Help for the OLSQ routine.

I. Description

The OLSQ routine is a Mathematica port of the instrinsic speakeasy ordinary least squares regression routine. The routine i svery helpful for quickly assessing the importance of certain wavelengths in a spectrum or certain princiapl components in a PCR analysis. For information of how to use it in Speakeasy see the help files that came with Speakeasy.

The model that is fit is:

y = m1(x1) + m2(x2) + .... + C

with one independent variable for each column of the independentvariables matrix.

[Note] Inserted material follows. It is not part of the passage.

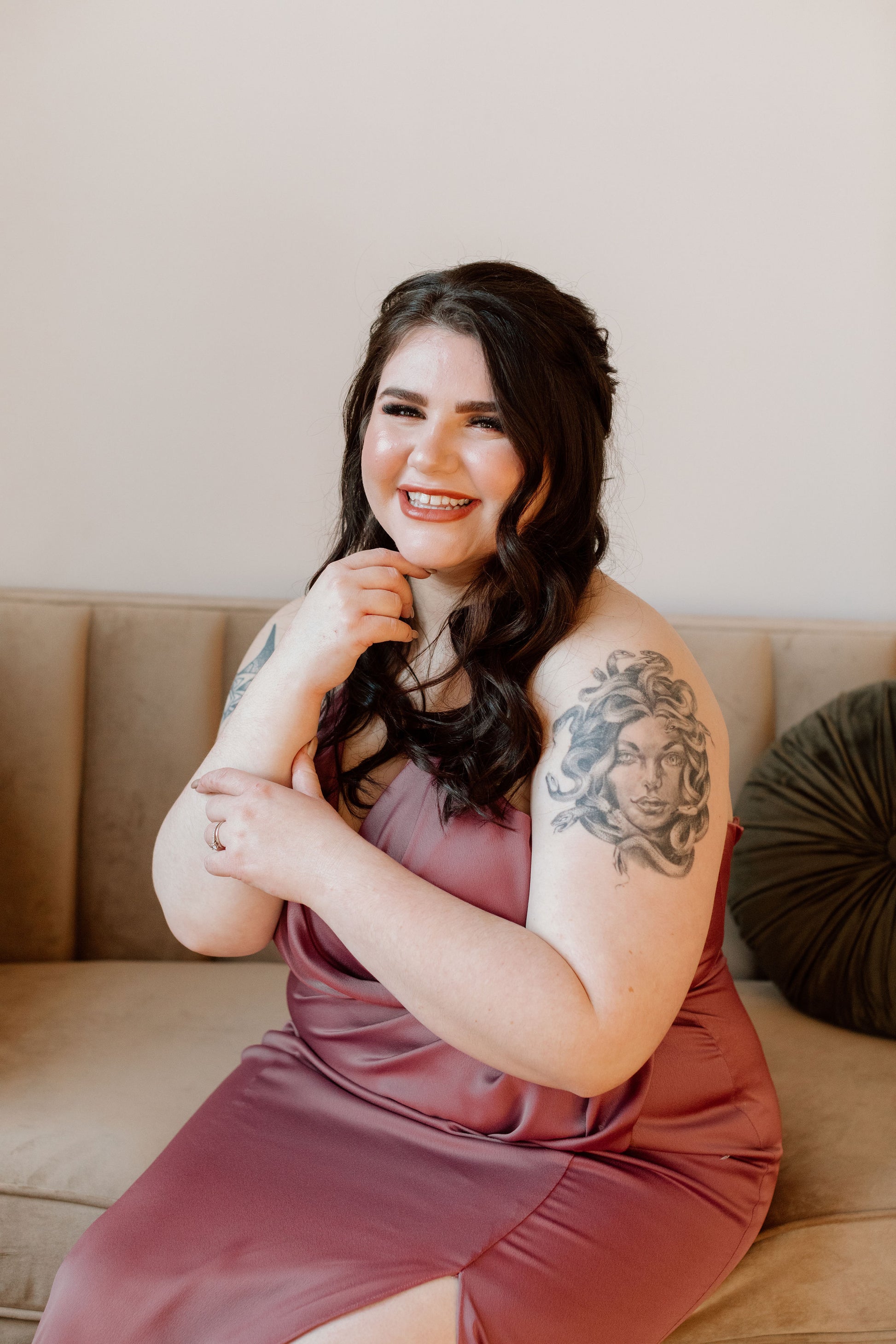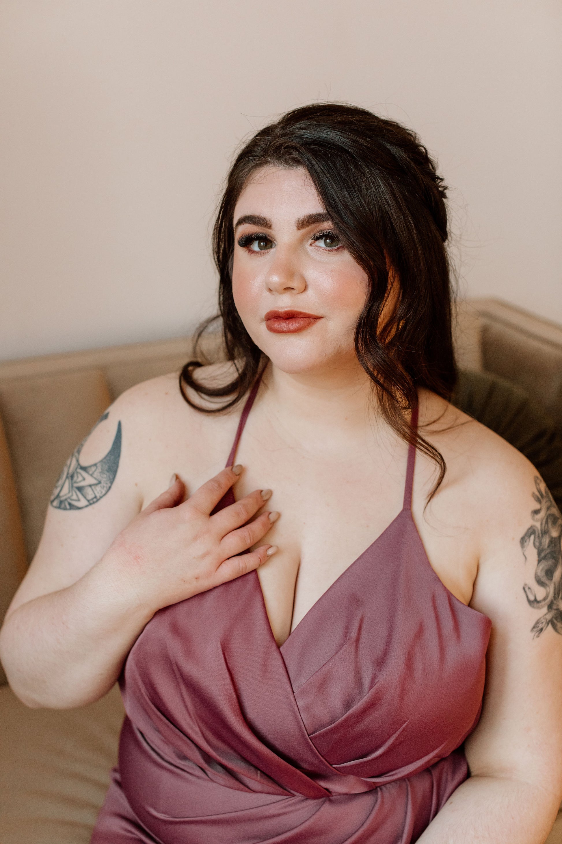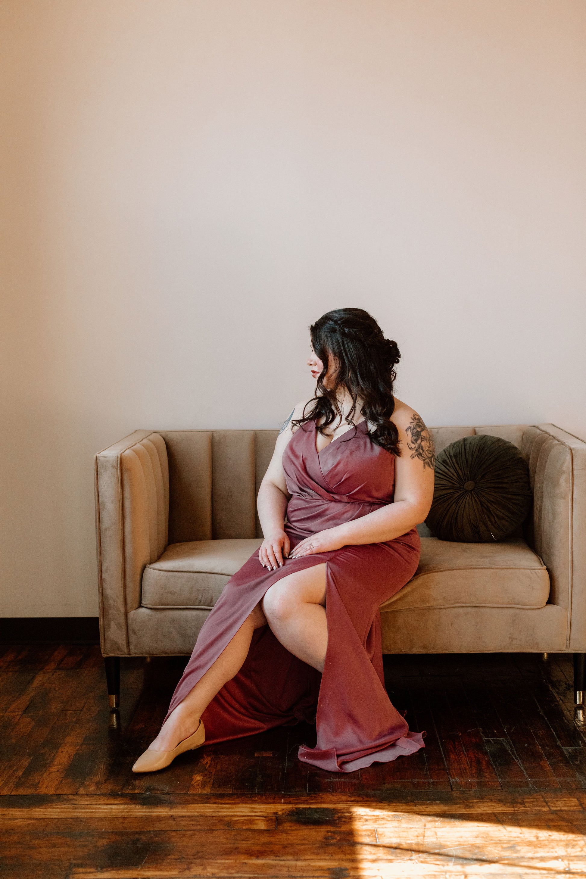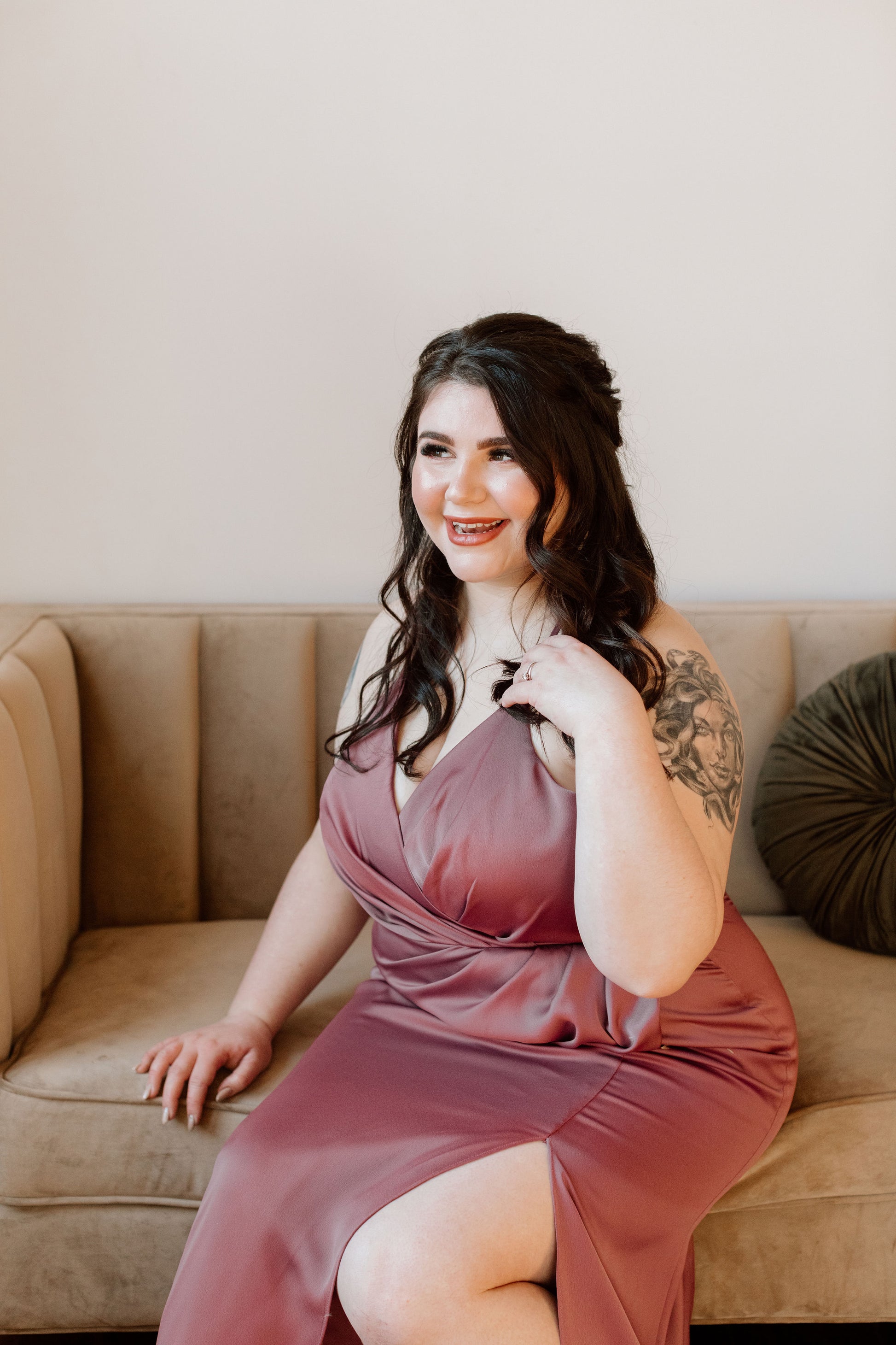 Satin v-neck, faux wrap draped bodice, adjustable spaghetti straps, draping at waist, faux wrap a-line skirt with slit at left leg
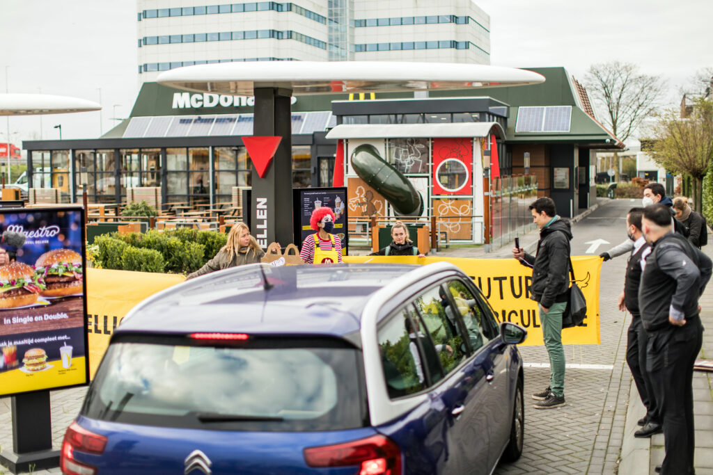 Daarom besloot Ronald McDonald samen met een aantal activisten het protest voor te zetten bij een McDonald’s Drive Trough. Hij blokkeerde voor een korte tijd te Drive Trough, terwijl hij klanten van McDonald’s informeerde over de enorme negatieve impact van het bedrijf op onze planeet.

II. The format of the call

In Mathematica:

output = OLSQ[independentvariables, dependentvariables, print];

independentvariables --> is be a matrix (a set of spectra with each row being a spectrum and each column being the wavelengths of each spectrum) .

dependentvariables --> is a one dimensional array with one value for each row of the indepentvariable matrix. (i. e. a concentration corresponding to each spectrum).

output --> will be a list fo three elements which will be:

  1. The best fit coefficients for the model
  2. The predicted results of the model for the input values.
  3. The best fit risiduals of the model


print --> is either a 1 or a 0, if 1 (or left off) then an output table will be generated, if 0 then no output will be generated.

Currently the model is limited to 100 independent variables, but this is arbitrary and a quick glance at the code will reveal how to change it for larger applications.